How “Antisemitism” Became a Weapon of the Right

At a time when allegations of antisemitism are rampant and often incoherent, historian Mark Mazower offers a helpfully lucid history of the term.

Here, Mazower turns to Jew-hatred in the Arab world, which he argues emerged largely from the transformation of Palestine into Israel. Sometimes, the fury this unleashed transmuted into what he calls “conspiratorial antisemitism,” as it did in the United States—The Protocols of the Elders of Zion gained traction in both parts of the world as their Jewish populations grew.
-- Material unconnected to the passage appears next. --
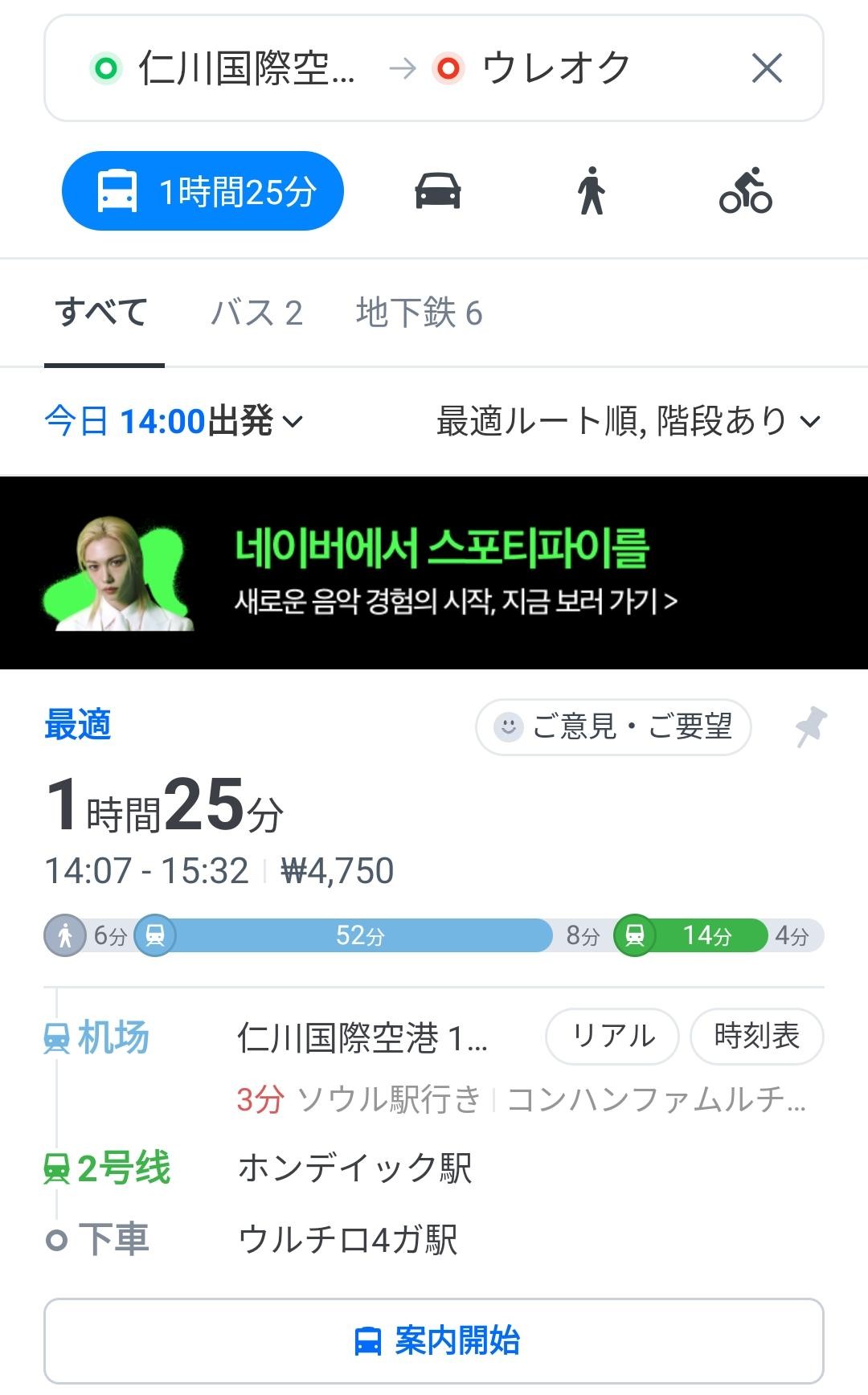 そこで、韓国の地図アプリ「NEVERマップ」で調べると、1時間25分のプランが表示された。韓国では、グーグルマップが使いづらい。Geminiはグーグルマップを基にプランニングしたはずだ。韓国に限っては店選びはGeminiを頼ってもいいが、アクセス方法は「NEVERマップ」の使用が最適解のようだ。

But more often, it was rooted in anti-colonial anger or hostility over land. Mazower does not consider those sentiments antisemitic, even if they have turned some people who feel them into antisemites. Interestingly, he demonstrates that David Ben-Gurion, Israel’s founding prime minister, did not understand Arab hatred of Israel as inherently antisemitic either. Mazower quotes Ben-Gurion telling a colleague in 1956, “If I was an Arab leader, I would never make terms with Israel…. There has been antisemitism, the Nazis, Hitler, Auschwitz, but was that their fault? They see only one thing: we have come here and stolen their country.”
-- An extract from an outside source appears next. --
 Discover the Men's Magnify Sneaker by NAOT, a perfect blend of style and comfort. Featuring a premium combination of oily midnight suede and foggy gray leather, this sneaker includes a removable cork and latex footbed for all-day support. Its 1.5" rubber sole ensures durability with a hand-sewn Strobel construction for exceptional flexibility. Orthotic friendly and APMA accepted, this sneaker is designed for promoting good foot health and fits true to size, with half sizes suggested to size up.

And yet in public, Ben-Gurion cast Israel’s Arab enemies as the new Nazis, their dislike of Jews as a new form of the unique and timeless hatred that had dogged the Jewish people for all time. He did not distinguish between different forms of Arab objection to Israel’s existence or policy; nor did he distinguish between different Arab and Muslim nations’ objections. Mazower doesn’t either, since his main interest is tracking the transformation of Ben-Gurion’s rhetoric into an official stance taken by the Israeli state. By the mid-’70s, Israel was describing all its opponents as antisemites and all public opposition to its behavior as antisemitism.

Mazower presents this stance as, to some degree, a defensive one. Even as Israeli leaders called Arab leaders such as Egypt’s Gamal Abdel Nasser the heirs to Hitler, Arab nationalists “traced a connection between Nazi racism and Zionism [and] consistently argued that Palestine should not be asked to pay the price for Nazi anti-Jewish persecution.” In 1975, the year after the Palestine Liberation Organization’s Yasser Arafat first addressed the U.N. General Assembly, that body adopted a resolution describing Zionism as racism and analogizing it to South African apartheid. In Mazower’s estimation, “racism” and “apartheid” are words as weaponized as “antisemitism”; by insisting its opponents were antisemites, then, Israel was fighting fire with fire.